Size splits to keep records-per-shard in the 78K–200K sweet spot (acceptable up to ~500K, degradation past ~1M). create-object defaults to splits=16 when omitted — fine for test/demo loads, too low for anything above a few million rows. Pick from expected row count:

Expected rows Recommended splits Records/shard at target
< 1M 8–32 up to ~125K
1–10M 64 ~16K–156K
10–25M 128 ~78K–195K (optimal band)
25–50M 256 ~98K–195K
50–100M 512 ~98K–195K
100–250M 512 ~200K–488K (acceptable)
250–500M 1024 ~244K–488K
500M–1B 2048 ~244K–488K
1–4B 4096 (MAX_SPLITS) ~244K–976K (at limit)
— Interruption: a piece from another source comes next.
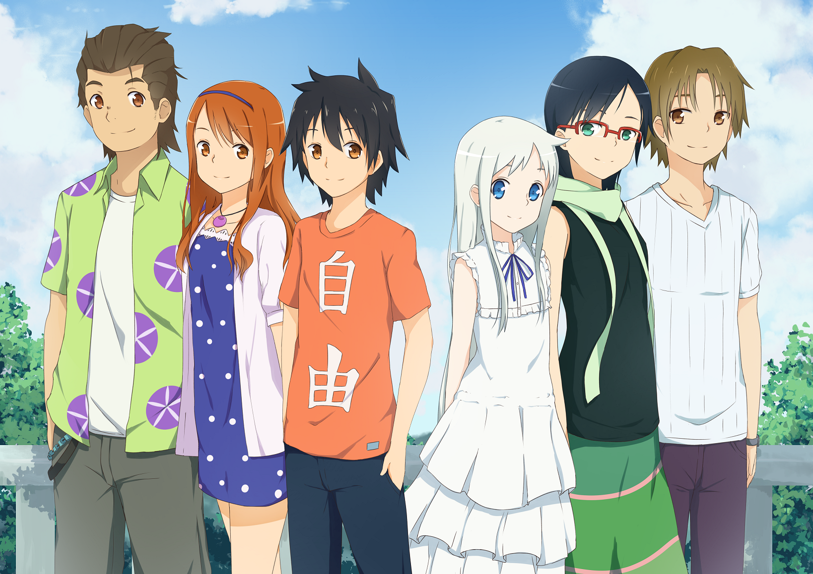 3boys 3girls 53c_(ray_cordova) alternate_hairstyle anjou_naruko ano_hi_mita_hana_no_namae_wo_bokutachi_wa_mada_shiranai. aqua_eyes blue_eyes brown_hair casual cloud day dress hands_in_pockets highres hisakawa_tetsudou honma_meiko long_hair looking_at_viewer matsuyuki_atsumu multiple_boys multiple_girls short_hair silver_hair sky tsurumi_chiriko yadomi_jinta

Numbers are from the parallel K/V bench on 10M rows (128 splits fastest at 3.488s; 64 splits 3.605s; 256 splits 3.986s; 1024 splits 5.454s). Counter-intuitively, raising splits beyond the sweet spot slows things down even at 10 parallel connections — more shard files = more syscalls and mmap page faults per query, and shard-lock contention isn't the bottleneck at this scale. If you exceed ~1M records/shard you've saturated this design — split across multiple objects (or tenant dirs) rather than climbing past MAX_SPLITS=4096.

Reproduce

./bench/bench-kv.sh 10000000                          # scenario 1 (default SPLITS=128)
./bench/bench-kv-parallel.sh 10000000 1000000 10      # scenario 2 (default SPLITS=128)
./bench/create-user-object.sh && \
  ./bench/insert-users.sh 1000000 && \
  ./bench/bench-queries.sh                            # scenario 3
./bench/bench-invoice.sh 1000000 persistent           # scenario 4 (default SPLITS=64)
./bench/bench-parallel.sh 1000000 100000 10           # scenario 5 (default SPLITS=64)

Scripts self-resolve to the repo root regardless of CWD and start/stop the server automatically. All scripts honour SPLITS=N to override their per-script default (128 for the K/V scripts, 64 for the invoice scripts — matched to the splits sizing table for each record count).